I am trying to show that the alternating minimization algorithm will converge to the global minimum for my application. Since I am not a mathematician, I would appreciate if someone can either improve my arguments or find flaws in those.
My AM algorithm generates a sequence of variables $\hat{δ^n}$, $\hat{x^n}$ at successive iteration steps as follows:
$$\hat{δ^n} = argmin_{δ} ̅(‖A_{MV}(\bar{δ})\hat{x}^{{(n-1)}} - \bar{y}‖^2 +μ_δ‖D\bar{δ}‖^2) ......................[A]$$
$$\hat{x}^{n} = argmin_{x} ̅(‖A_{MV}(\hat{δ^n})\bar{x} - \bar{y}‖^2 +μ_S‖D\bar{x}‖^2) ......................[B]$$
The subscript "MV" stands for multi voxel. It should be noticed that block diagonal matrix $A_{MV}(\bar{δ})$ consists of $A(δ_{Voxel})$ from individual voxels along its diagonal, with no off diagonal term. The matrix D is just a first difference operator.
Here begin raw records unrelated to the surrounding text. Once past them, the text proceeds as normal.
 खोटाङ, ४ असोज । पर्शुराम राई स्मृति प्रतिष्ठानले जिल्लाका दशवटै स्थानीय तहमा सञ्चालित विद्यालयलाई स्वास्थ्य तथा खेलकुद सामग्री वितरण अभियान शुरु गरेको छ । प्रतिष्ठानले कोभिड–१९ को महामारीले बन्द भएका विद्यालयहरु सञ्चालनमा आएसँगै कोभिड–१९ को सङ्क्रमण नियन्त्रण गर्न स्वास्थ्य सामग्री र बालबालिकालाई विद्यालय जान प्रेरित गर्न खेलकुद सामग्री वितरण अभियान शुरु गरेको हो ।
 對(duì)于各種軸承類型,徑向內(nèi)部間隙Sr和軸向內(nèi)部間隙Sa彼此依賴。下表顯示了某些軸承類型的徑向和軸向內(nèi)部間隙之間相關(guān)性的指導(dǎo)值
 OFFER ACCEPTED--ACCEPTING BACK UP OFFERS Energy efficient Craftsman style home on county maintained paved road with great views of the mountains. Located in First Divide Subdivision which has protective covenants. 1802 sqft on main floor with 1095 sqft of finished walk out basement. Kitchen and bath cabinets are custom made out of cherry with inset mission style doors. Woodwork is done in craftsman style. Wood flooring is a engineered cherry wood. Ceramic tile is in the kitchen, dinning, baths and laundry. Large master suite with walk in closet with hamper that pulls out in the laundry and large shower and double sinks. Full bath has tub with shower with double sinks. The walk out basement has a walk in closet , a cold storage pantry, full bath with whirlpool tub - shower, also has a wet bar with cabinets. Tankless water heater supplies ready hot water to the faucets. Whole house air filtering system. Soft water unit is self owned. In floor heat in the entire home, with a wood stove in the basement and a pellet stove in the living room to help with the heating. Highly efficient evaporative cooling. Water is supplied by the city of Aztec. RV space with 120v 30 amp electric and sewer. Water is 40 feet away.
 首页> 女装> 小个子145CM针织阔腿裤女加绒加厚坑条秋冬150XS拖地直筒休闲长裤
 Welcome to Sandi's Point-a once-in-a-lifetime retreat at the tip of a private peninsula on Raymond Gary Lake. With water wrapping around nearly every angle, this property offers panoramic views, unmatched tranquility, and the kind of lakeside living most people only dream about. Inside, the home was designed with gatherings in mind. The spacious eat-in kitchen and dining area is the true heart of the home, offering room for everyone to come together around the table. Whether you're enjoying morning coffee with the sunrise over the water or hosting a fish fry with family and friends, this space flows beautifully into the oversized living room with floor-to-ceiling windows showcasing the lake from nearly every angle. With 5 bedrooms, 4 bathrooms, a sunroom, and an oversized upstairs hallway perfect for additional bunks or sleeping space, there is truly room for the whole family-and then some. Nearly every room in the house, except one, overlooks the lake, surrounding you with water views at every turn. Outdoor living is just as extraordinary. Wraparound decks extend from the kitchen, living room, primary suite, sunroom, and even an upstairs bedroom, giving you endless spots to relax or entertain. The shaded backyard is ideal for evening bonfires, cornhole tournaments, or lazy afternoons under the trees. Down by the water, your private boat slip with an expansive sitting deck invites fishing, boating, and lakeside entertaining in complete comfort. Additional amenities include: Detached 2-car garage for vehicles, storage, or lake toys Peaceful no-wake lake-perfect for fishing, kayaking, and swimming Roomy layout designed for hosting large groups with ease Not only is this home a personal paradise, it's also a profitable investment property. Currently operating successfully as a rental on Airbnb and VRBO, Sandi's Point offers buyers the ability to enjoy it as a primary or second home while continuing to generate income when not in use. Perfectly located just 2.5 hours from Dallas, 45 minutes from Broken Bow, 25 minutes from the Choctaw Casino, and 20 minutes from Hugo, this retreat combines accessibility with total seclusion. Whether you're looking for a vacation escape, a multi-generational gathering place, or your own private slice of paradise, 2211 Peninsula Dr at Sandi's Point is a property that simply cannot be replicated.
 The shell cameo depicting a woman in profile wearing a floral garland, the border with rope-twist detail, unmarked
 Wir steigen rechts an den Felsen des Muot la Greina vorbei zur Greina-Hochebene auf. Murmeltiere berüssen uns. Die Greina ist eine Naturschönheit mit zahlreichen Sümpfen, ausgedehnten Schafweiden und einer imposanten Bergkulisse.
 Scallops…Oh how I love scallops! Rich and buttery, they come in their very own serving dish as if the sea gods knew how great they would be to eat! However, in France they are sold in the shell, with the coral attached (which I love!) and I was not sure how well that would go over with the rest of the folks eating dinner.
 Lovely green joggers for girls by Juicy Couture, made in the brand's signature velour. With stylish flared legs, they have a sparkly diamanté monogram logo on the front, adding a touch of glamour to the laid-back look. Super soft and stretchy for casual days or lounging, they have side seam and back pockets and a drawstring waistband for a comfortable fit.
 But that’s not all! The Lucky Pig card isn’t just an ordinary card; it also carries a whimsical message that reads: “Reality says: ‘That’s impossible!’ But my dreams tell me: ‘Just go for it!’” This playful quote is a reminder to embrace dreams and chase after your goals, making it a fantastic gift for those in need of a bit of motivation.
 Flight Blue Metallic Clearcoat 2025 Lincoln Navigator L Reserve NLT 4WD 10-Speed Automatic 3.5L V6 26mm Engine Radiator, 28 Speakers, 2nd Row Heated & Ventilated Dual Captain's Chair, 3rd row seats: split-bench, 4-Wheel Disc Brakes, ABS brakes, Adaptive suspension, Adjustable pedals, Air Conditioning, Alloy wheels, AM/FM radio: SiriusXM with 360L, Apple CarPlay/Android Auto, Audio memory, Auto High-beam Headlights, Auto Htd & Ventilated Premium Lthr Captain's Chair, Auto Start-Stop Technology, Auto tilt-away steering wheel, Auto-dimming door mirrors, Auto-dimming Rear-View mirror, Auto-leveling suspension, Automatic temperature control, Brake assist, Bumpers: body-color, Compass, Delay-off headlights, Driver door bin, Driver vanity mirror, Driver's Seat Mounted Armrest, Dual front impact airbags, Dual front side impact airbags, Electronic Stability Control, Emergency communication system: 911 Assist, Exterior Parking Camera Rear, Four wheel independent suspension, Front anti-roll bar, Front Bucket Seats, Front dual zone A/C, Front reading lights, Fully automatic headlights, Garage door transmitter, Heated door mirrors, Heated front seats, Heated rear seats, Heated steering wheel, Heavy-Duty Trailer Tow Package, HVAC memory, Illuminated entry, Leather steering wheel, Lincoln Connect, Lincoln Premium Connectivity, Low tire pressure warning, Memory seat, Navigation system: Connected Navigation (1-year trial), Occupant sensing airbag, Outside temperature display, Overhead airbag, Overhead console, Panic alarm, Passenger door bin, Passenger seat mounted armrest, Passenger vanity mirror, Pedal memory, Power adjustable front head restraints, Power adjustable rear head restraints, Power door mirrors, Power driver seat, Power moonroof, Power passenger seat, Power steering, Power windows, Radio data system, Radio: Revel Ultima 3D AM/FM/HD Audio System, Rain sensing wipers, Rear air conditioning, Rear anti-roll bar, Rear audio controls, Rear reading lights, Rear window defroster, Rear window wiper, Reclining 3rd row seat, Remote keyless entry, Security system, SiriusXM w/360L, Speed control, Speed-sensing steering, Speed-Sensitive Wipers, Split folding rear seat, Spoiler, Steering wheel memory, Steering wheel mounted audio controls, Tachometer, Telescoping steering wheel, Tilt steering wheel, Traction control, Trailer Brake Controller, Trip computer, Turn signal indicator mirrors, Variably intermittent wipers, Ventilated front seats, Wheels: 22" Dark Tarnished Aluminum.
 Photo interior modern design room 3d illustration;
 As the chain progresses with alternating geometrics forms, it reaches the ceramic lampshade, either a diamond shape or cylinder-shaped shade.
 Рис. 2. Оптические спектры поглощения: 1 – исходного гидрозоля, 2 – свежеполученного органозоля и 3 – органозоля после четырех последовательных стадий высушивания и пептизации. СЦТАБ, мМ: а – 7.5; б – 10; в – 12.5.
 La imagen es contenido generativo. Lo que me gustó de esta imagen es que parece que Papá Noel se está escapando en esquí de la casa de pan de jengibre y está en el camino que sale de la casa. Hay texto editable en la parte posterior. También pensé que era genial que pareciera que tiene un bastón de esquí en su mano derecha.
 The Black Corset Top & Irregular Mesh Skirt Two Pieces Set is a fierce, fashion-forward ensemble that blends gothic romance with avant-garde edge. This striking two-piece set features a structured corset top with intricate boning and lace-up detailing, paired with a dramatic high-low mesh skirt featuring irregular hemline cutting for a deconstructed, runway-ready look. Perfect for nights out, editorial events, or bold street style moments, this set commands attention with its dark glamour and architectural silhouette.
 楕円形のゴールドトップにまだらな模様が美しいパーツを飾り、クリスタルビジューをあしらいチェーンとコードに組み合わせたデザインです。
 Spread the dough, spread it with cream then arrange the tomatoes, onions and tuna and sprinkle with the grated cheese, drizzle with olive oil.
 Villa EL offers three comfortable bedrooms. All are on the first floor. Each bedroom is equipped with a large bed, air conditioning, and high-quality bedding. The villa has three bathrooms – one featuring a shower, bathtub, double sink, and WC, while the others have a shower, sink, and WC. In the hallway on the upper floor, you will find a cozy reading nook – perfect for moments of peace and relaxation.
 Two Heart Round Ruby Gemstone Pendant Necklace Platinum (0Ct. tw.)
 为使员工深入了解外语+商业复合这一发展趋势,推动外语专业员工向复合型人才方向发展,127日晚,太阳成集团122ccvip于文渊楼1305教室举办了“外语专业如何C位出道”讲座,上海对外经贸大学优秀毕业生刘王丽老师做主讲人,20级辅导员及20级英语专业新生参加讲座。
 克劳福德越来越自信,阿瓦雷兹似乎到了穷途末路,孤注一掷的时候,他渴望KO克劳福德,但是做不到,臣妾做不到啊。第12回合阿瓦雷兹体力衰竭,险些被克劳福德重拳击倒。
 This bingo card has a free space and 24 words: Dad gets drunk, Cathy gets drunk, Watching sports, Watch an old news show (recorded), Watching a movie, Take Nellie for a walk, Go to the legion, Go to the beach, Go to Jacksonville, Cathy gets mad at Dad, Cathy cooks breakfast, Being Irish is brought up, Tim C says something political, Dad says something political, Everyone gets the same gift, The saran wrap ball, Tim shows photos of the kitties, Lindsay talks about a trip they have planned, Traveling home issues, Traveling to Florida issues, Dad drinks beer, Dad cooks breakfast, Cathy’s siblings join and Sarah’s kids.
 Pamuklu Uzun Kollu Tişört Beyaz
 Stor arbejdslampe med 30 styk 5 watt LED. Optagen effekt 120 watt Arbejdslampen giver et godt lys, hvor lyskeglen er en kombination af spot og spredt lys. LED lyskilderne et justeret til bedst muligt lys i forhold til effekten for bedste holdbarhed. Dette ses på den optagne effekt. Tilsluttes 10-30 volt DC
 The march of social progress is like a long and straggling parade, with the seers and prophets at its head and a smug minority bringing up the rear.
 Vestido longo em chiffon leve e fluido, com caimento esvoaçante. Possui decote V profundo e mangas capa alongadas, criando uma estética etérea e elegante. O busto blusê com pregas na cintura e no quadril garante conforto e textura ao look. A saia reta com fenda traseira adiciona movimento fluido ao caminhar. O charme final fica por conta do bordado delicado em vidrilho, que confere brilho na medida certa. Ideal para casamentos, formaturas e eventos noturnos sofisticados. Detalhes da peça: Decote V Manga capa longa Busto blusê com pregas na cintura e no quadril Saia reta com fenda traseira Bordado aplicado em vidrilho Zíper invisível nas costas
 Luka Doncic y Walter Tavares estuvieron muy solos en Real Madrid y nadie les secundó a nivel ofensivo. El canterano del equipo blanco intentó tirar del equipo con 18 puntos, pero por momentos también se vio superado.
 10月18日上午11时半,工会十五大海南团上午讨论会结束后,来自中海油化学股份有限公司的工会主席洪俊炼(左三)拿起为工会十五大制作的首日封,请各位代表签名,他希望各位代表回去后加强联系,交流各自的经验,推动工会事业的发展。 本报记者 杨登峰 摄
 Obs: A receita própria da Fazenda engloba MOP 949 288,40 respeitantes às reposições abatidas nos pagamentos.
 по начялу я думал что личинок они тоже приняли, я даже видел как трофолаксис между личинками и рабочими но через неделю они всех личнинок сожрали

Here, the expression in Eqn [B] is a L2-norm of a linear function in $\bar{x}$ and hence, a global convergence is guaranteed for this expression.
On the other hand, though the second term of Eqn [A] involves L2-norm of a linear function of $\bar{δ}$, the first term involves a L2-norm of a nonlinear function of $\bar{δ}$ and hence, one would expect the solution to converge to a local minimum. However, if we consider single voxel equivalent of first term i.e. $f_{voxel} = ‖A(δ_{voxel})x - y‖^2$, then its first derivative changes sign only once and the second derivative is positive at that point (refer the figure). Correspondingly, we find only one minima near δ0 (solution for no noise case). In other words, the function $f_{voxel}$ is unimodal, though it’s not convex everywhere. Consequently, we can conclude that the corresponding multi voxel equivalent i.e. $‖A(\bar{δ})\hat{x}^{{(n-1)}} - y‖^2$ is a multi-variate uni-modal with only one minimum and hence expression in [A] is also guaranteed to converge to globally.